The logic is relatively simple but robust. Here is the high-level flow of the application:

  1. Scan & Sort: The tool recursively scans the input directory for .CR2 (Canon Raw) and .MP4 files. Crucially, it sorts them by their sequence number extracted from the filename (e.g., _MG_1001.CR2 -> 1001). This ensures that even if file modification times are wonky, the order of shots is preserved.
  2. Read Metadata: It reads the EXIF data for images and filesystem metadata for videos to determine the creation timestamp.
  3. Group into Sessions: This is the core logic. It iterates through the sorted files and checks the time difference between the current file and the previous one.
    • If the gap is larger than the threshold (default: 6 hours), a new "Session" is started.
    • Folders are named by date (e.g., 2024-01-30). If multiple sessions happen on the same day, it appends a suffix (e.g., 2024-01-30_a, 2024-01-30_b).
  4. Copy with Resume Support: It copies the files to the destination.

The "Resume" Feature

One specific technical choice I'm proud of is the state management. Copying 64GB of data takes time. If the transfer crashes or I accidentally pull the cable, I didn't want to start over.

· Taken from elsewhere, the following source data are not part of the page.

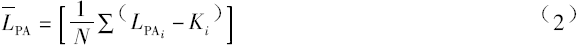 當各測點的A計權(quán)聲壓級之差不超過5dB時,可由式2計算LPA:
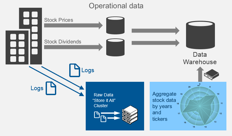 In addition to traditional data warehousing, when operational data stored in special structures in Enterprise Data Warehouse, we can store all other raw data in “Store it All” cluster. At any moment, we are able to create query to these data to answer some business question. (In addition, we may store the answer in the Data Warehouse if necessary)
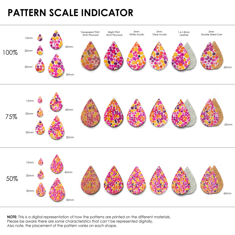 Our patterns can be printed onto Genuine Cowhide Leather, Double Sided Cork, Pine Plywood, White Acrylic or Clear Acrylic or Yupo Paper sheets or earring blanks for making your own earrings. Simply add your own embellishments and findings to make them truly your own.
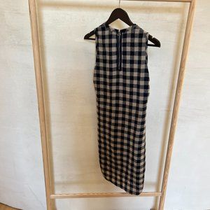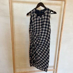 Ruched Checked Wool And Linen-blend Dress In Sand/french Navy

I implemented a simple state tracker using serde_json. After every successful file copy, the tool updates a .image-processor-state.json file. When you run the command again, it checks this file and skips everything that has already been successfully transferred.

// A simplified view of how state is handled
#[derive(Serialize, Deserialize)]
struct SessionState {
    last_processed_file: String,
    current_session_id: usize,
    // ...
}

Conclusion

Building image-processor taught me that Rust is not just for systems programming; it's a fantastic language for everyday tools. The initial development time was slightly higher than Python, but the result is a tool I trust completely with my professional work.

You can find the full source code and documentation on GitHub: Alexy-vda/image-processor

Now, instead of spending 20 minutes organizing folders, I just run:

image-processor -i /Volumes/EOS_DIGITAL -o ~/Photos

...and go make a coffee while Rust does the heavy lifting.